Authors:A. Zsolnai, R. Szántó-Egész, E. Ferencz-Elblinger, A. Dang Huu, A. Jánosi, E. Koppányné Szabó and I. Anton
We used an alternative approach, loop-mediated isothermal amplification, to detect Mangalitza component in food products, and it has been compared to an established Recombinase Polymerase Amplification test. The correlation between the assays was significant (P<0.01). Linear determination coefficient between the assays was 0.993 and level of diagnostic agreement was high (Kappa=0.971).
Previously, a real-time PCR method based on TaqMan probe was developed (Szántó-Egész et al., 2013) for detection of Mangalitza meat in food products, using a Mangalitza specific sequence. Other Mangalitza specific sequences suitable for the same purpose are also in use (V. Stéger, personal communication).
Approaches like real-time monitoring of accumulation of the specific DNA product usually require specialised laboratory equipment.

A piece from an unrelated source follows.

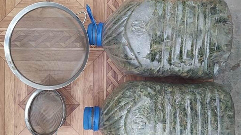 ГУНП Запорізької області повідомляє, що правоохоронці отримали інформацію про незаконне зберігання наркотичних речовин на території домоволодіння. Поліцейські провели обшук в будинку по вулиці Матросова та виявили поліетиленові пакети, пластикові ємності з висушеною речовиною рослинного походження сіро-зеленого кольору, схожою на канабіс. Загальна вага вилученого близько одного кілограма.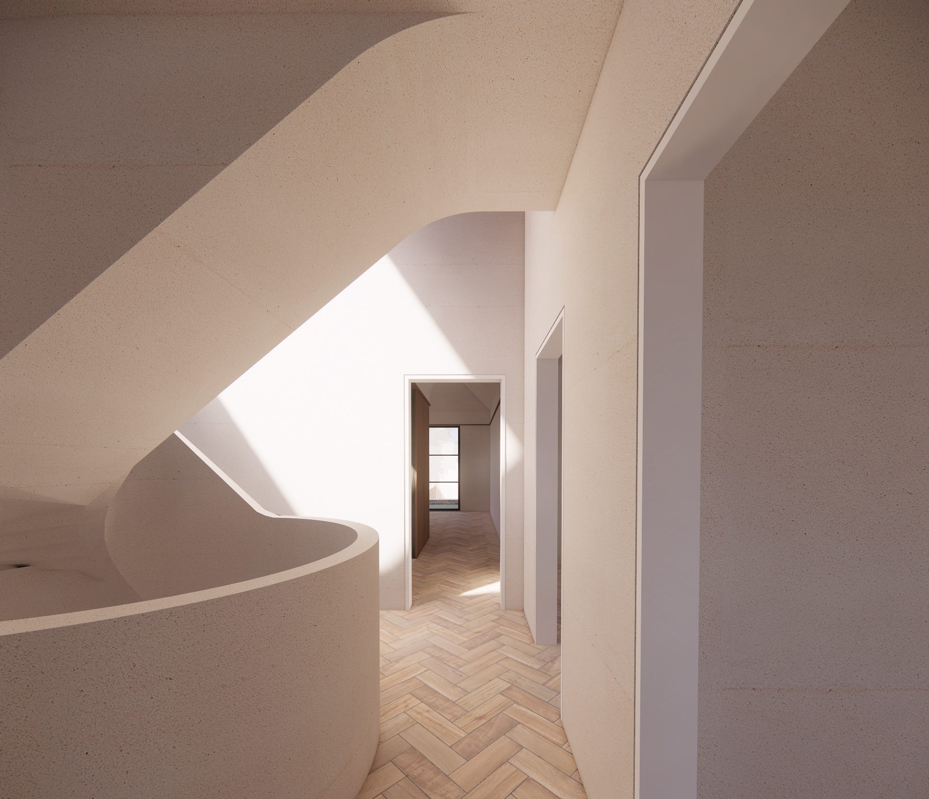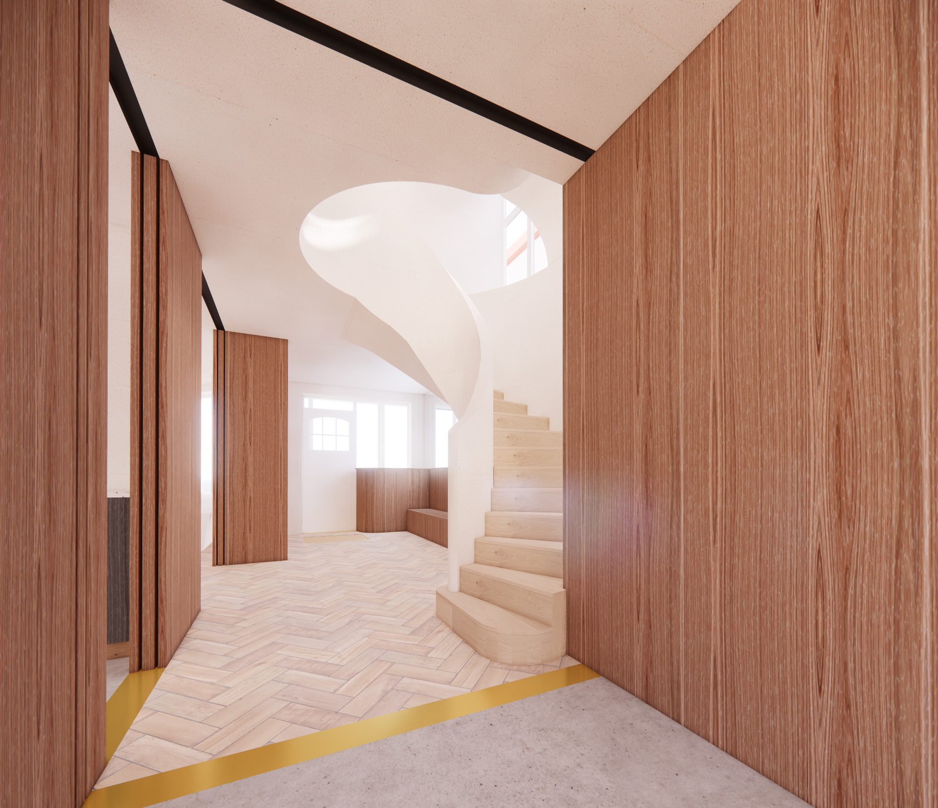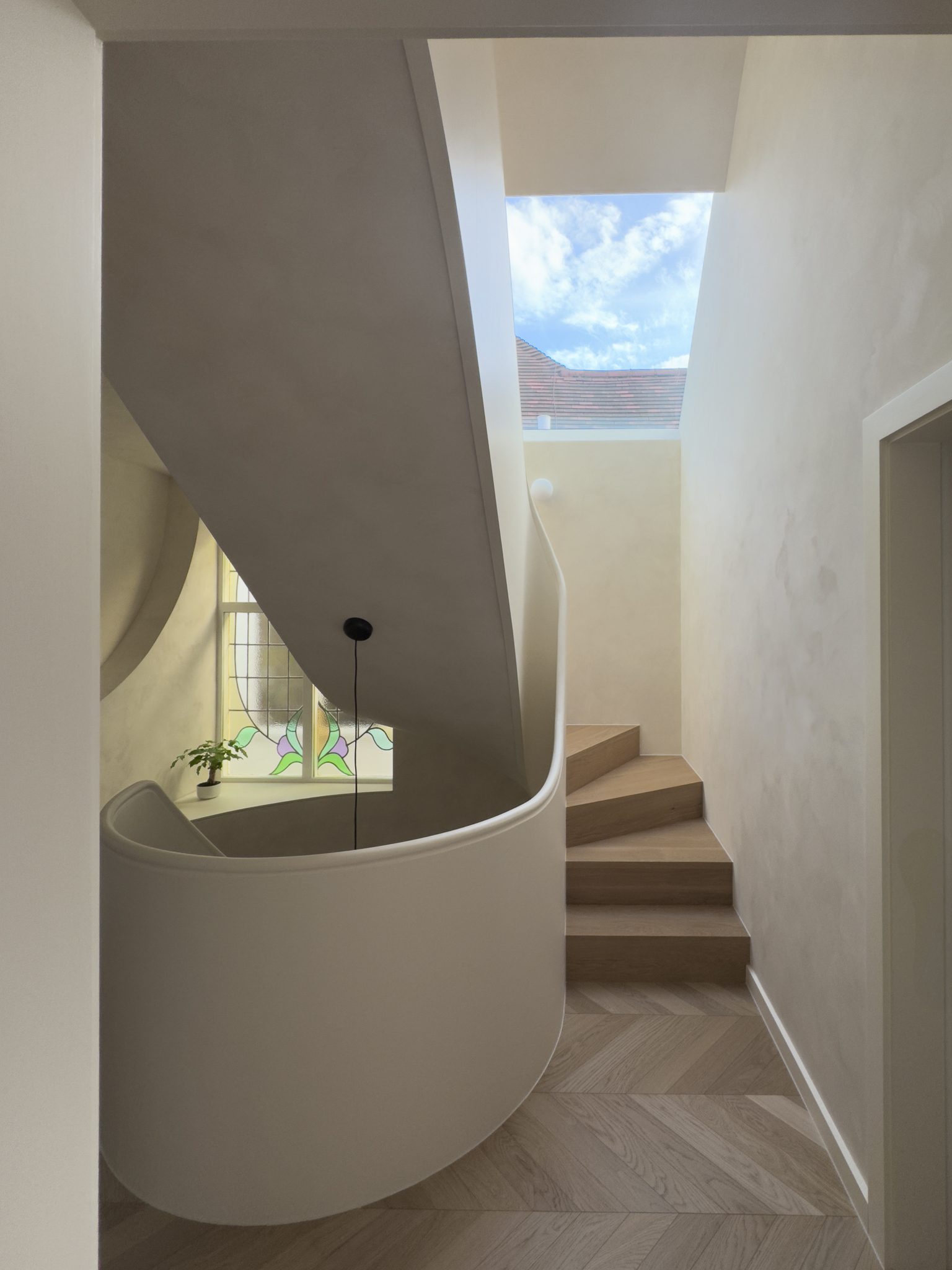 One of the standout features is the ground floor extension, which perches impressively on the corner of the new brick form, adding a touch of architectural drama. There are further features which inspire delight inside – a sculpted staircase winds gracefully from the expanded entrance hall to the loft, with a continuous handrail that leads past an original stained glass window and under a wide opening rooflight. This spiral staircase is not just a functional element but a piece of art, playing with geometry and light to create dynamic visual interest.

For Mangalitza detection, portable Recombinase Polymerase Amplification (RPA) approach has been developed (Szántó-Egész et al., 2016), which requires a device capable of maintaining 39 °C and a lateral flow strip with easy yes/no indication of the successful amplification.
We wanted to develop another fast, non-PCR based test with minimal laboratory requirement to provide a third possibility to detect Mangalitza component in food.